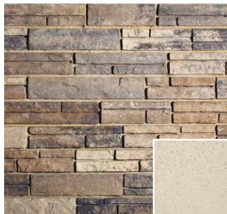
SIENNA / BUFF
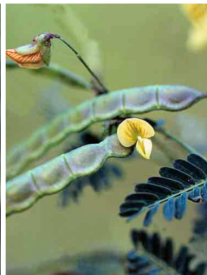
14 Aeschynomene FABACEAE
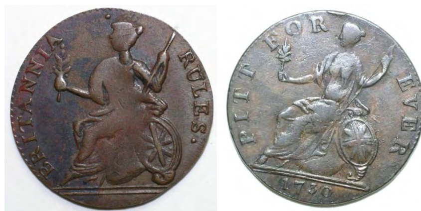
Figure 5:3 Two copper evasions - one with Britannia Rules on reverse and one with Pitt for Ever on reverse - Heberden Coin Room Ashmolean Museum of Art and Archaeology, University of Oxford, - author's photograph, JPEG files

##############################

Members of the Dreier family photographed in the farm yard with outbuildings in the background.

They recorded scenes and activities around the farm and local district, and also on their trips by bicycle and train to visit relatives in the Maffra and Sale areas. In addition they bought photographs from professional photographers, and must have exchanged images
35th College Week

##############################

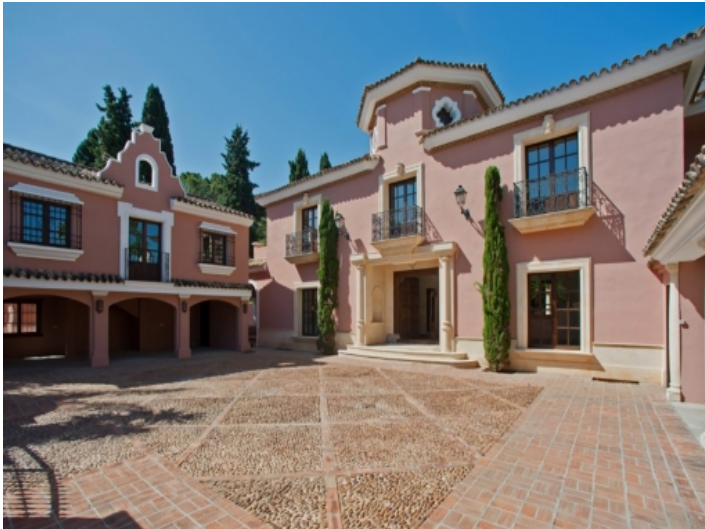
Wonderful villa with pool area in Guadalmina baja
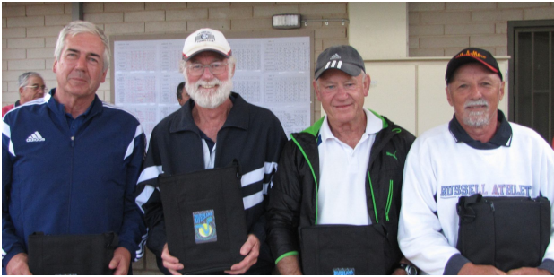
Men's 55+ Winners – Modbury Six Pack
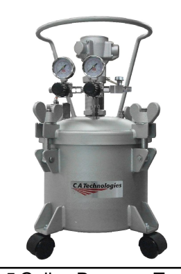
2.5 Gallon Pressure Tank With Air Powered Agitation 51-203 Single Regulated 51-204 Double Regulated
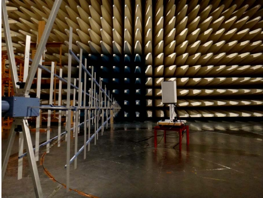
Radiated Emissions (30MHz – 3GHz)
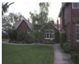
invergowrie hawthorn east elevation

##############################

▶ _Task_
Answer with one number: how many lines in the listing hold "farm".

▶ _Answer section_
2